Since its record IPO, Space Exploration Technologies’ share price has advanced rapidly, with a 1 day share price return of 4.83% and a year to date share price return of 25.38%. This suggests strong short term momentum as AI deals and index additions reshape how investors view its risk and growth profile.
If Space Exploration Technologies’ AI push has caught your attention, it can be useful to see what else is moving in related areas using the 48 AI infrastructure stocks
That rapid repricing leaves Space Exploration Technologies trading around a US$2.66t market value on roughly US$19.3b of revenue and a reported net loss of US$9.4b. This raises the core question for you: is this still an opportunity, or is the market already paying upfront for years of future growth?
Most Popular Narrative: 49.5% Overvalued
Based on the most followed narrative, Space Exploration Technologies is priced well above its implied fair value of $135, compared with the latest close at $201.80. This sets up a clear tension between market price and narrative valuation.
Although SpaceX’s revenue is growing steadily, the company as a whole is generating a net loss. In 2025, the company increased its revenue by 33% to $18.67 billion, but ended the year with a net loss of $4.94 billion. In the first quarter of 2026, the company reported a net loss of $4.28 billion.
According to Marek_Trnka, this narrative leans heavily on rapid revenue expansion paired with expectations of a meaningful profit margin and a future earnings multiple that assumes sustained strength in SpaceX’s core businesses. Want to see which specific growth and profitability paths were used to justify that gap between $135 and today’s price, and how those numbers fit together over the coming years?

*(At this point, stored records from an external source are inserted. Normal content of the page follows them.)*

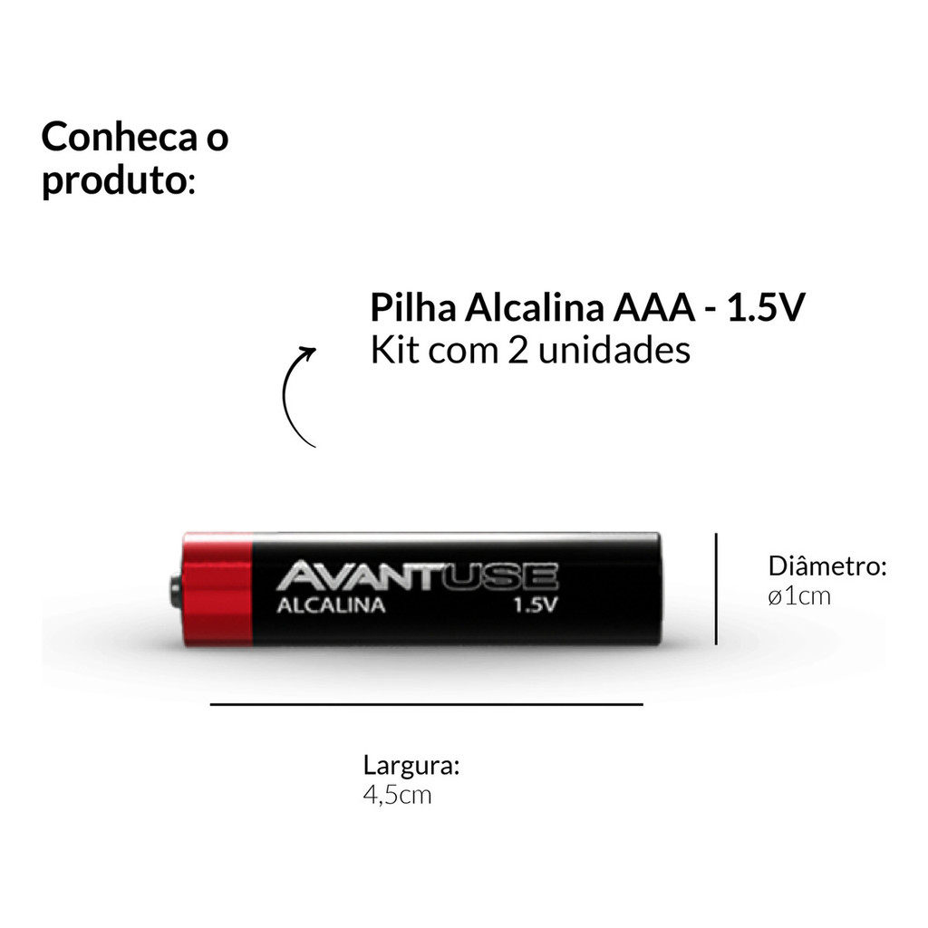 Kit 2 Pilhas Alcalina Palito AAA 1.5v Cod: 408040013 Avant Use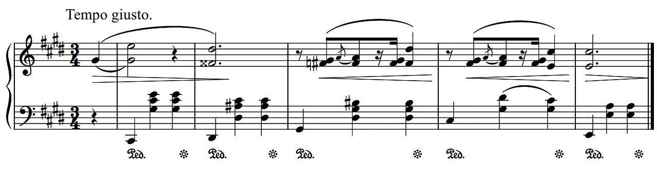 Theme B의 도입부는 곡 전체에서 총 6번 반복된다. Piu mosso (보다 빠르게) 속도인데 여러 피아니스트의 연주를 들어보면 속도는 천차만별이다. 지나치게 빠르면 발랄하고 즐거운 느낌보다는 마음이 급해진다. 속도는 취향이니 자기만의 속도를 찾아 그 목표로 차근차근 나가야 할 것이다. Theme B. 여기까지는 그럭저럭 초견으로 분위기와 어려운 점을 확인하였을 텐데 첫인상이 꽤 당황스러웠던 C 주제가 기다리고 있다.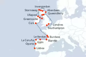 Itinerario : Southampton, Londres, Queensferry, Aberdeen, Invergordon, Stornoway, Ullapool, Greencastle, Glasgow, Douglas, Belfast, Dun Laoghaire, Cork, Le Verdon, Burdeos, Biarritz, Gijón, La Coruña, Oporto, Lisboa
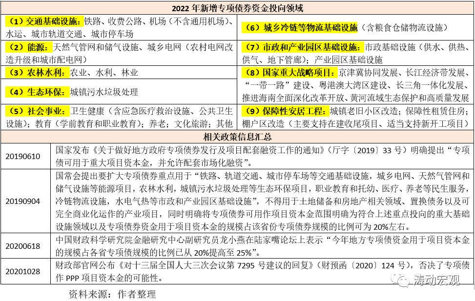 1、2021年9月30日,財(cái)政部與發(fā)改委聯(lián)合印發(fā)《關(guān)于申報(bào)2022年新增專(zhuān)項(xiàng)債券項(xiàng)目資金需求的通知》(財(cái)辦預(yù)(2021)209號(hào)),明確2022年專(zhuān)項(xiàng)債券資金繼續(xù)重點(diǎn)用于交通基礎(chǔ)設(shè)施、能源、農(nóng)林水利、生態(tài)環(huán)保、社會(huì)帶來(lái)、城鄉(xiāng)冷鏈等物流基礎(chǔ)設(shè)施(含糧食倉(cāng)儲(chǔ)物流設(shè)施)、市政和產(chǎn)業(yè)園區(qū)基礎(chǔ)設(shè)施、國(guó)家重大戰(zhàn)略項(xiàng)目、保障性安居工程等領(lǐng)域,可以看出基本和2021年一致。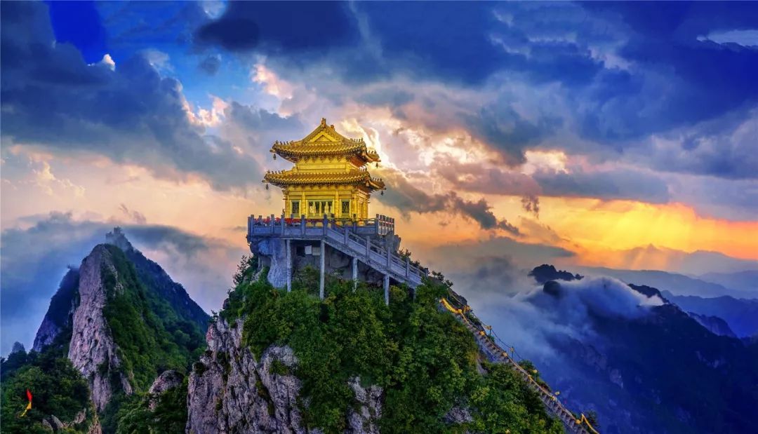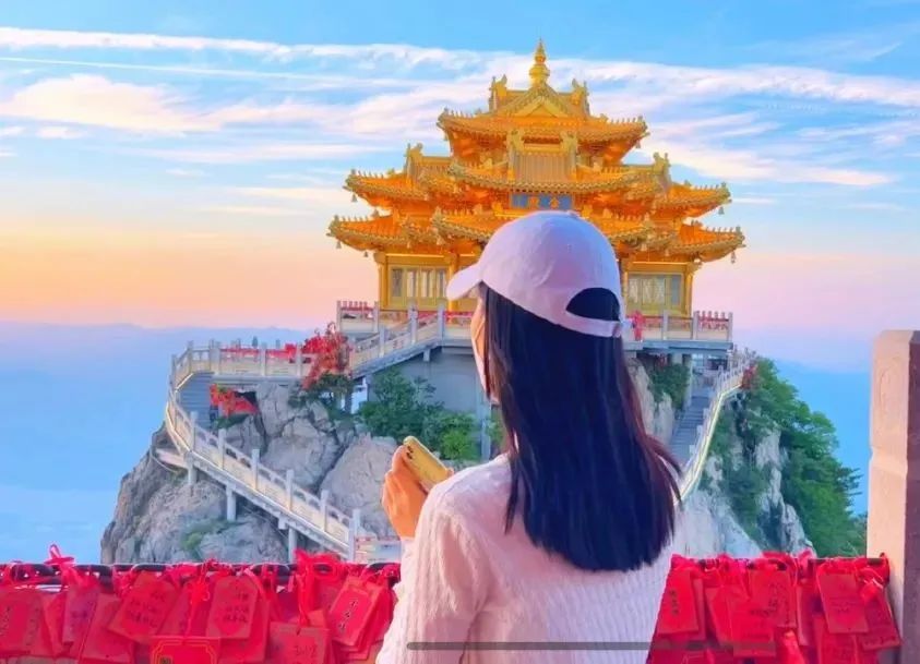 金顶道观群是老君山文化景观的核心区域,屹立在山顶的金殿也因为天气的不同而拥有着不同的美感。晴空下的金殿恢弘大气、光彩照人;阴天里的金殿庄严肃穆、充满了神秘感;如果再遇到云海或日出的加持,金殿则犹如云上仙宫一般,让人流连忘返。

Result: Fair Value of $135 (OVERVALUED)
However, this overvalued narrative can be challenged if Space Exploration Technologies’ AI capital needs ease, or if index driven flows keep demand stronger than expected.
Another View on Space Exploration Technologies' valuation
The most followed community narrative sees Space Exploration Technologies as 49.5% overvalued at $201.80 versus a fair value of $135. Yet our DCF model points the other way, with shares trading 30.6% below an estimated future cash flow value of $290.66. Which set of assumptions do you find more convincing?
Simply Wall St performs a discounted cash flow (DCF) on every stock in the world every day (check out Space Exploration Technologies for example). We show the entire calculation in full. You can track the result in your watchlist or portfolio and be alerted when this changes, or use our stock screener to discover 44 high quality undervalued stocks. If you save a screener we even alert you when new companies match - so you never miss a potential opportunity.
Next Steps
With mixed signals on valuation and sentiment around Space Exploration Technologies, it makes sense to move quickly, review the underlying data, and decide where you stand using the 3 key rewards and 1 important warning sign.
Looking for more investment ideas beyond Space Exploration Technologies?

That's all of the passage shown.